:: Task goal ::
Among the entries below, extract exactly the lines that run from the one with "登录山西红星杨红色旅游主题公" through the one with "続いて賞味期限が印字されたラ", both ends included.

╭─ Entries shown

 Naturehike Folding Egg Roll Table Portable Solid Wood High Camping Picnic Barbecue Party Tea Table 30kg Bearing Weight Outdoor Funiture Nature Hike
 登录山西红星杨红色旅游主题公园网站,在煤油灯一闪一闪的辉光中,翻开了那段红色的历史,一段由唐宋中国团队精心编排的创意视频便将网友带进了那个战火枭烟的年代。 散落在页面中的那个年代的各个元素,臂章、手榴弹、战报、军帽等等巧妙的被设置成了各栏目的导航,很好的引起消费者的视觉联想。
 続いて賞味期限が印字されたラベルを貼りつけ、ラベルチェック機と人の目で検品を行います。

╰─
╭─ Entries shown

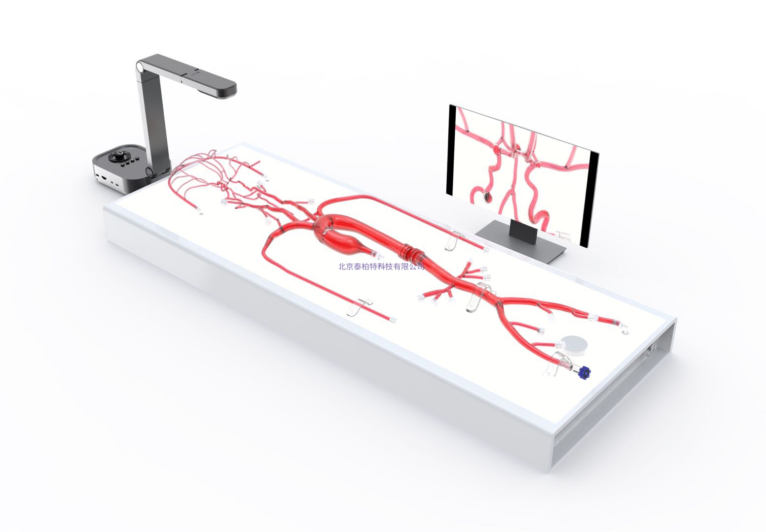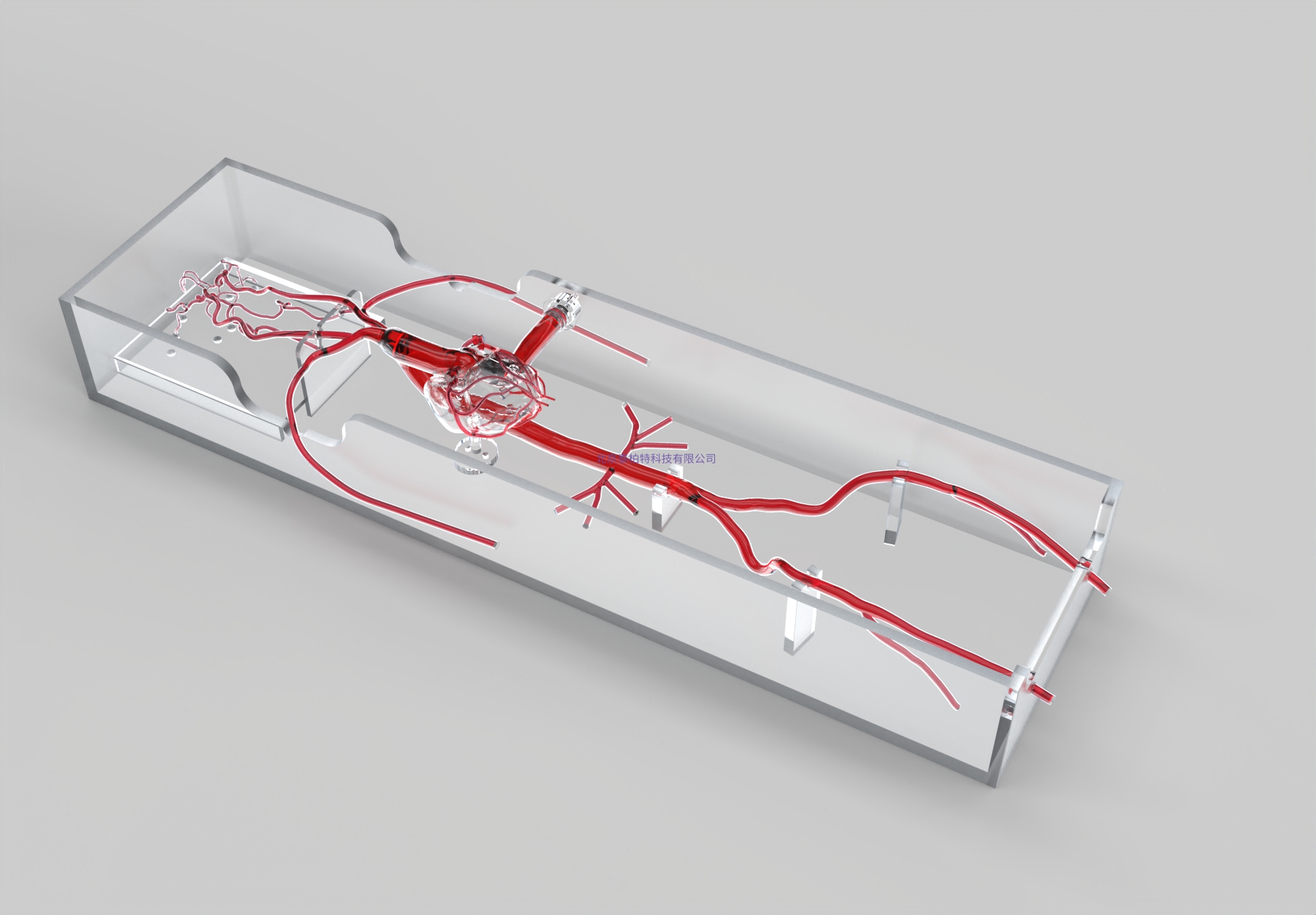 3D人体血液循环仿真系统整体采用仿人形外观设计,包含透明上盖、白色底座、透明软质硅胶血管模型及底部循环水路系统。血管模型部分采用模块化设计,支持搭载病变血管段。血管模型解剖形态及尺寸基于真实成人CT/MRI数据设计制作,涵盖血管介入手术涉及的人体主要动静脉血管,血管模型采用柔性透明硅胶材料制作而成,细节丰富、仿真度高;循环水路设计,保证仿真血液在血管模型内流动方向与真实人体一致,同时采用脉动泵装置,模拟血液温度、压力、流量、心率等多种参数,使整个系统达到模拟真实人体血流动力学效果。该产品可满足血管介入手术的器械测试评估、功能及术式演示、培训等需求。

╰─

:: Task result ::
 登录山西红星杨红色旅游主题公园网站,在煤油灯一闪一闪的辉光中,翻开了那段红色的历史,一段由唐宋中国团队精心编排的创意视频便将网友带进了那个战火枭烟的年代。 散落在页面中的那个年代的各个元素,臂章、手榴弹、战报、军帽等等巧妙的被设置成了各栏目的导航,很好的引起消费者的视觉联想。
 続いて賞味期限が印字されたラベルを貼りつけ、ラベルチェック機と人の目で検品を行います。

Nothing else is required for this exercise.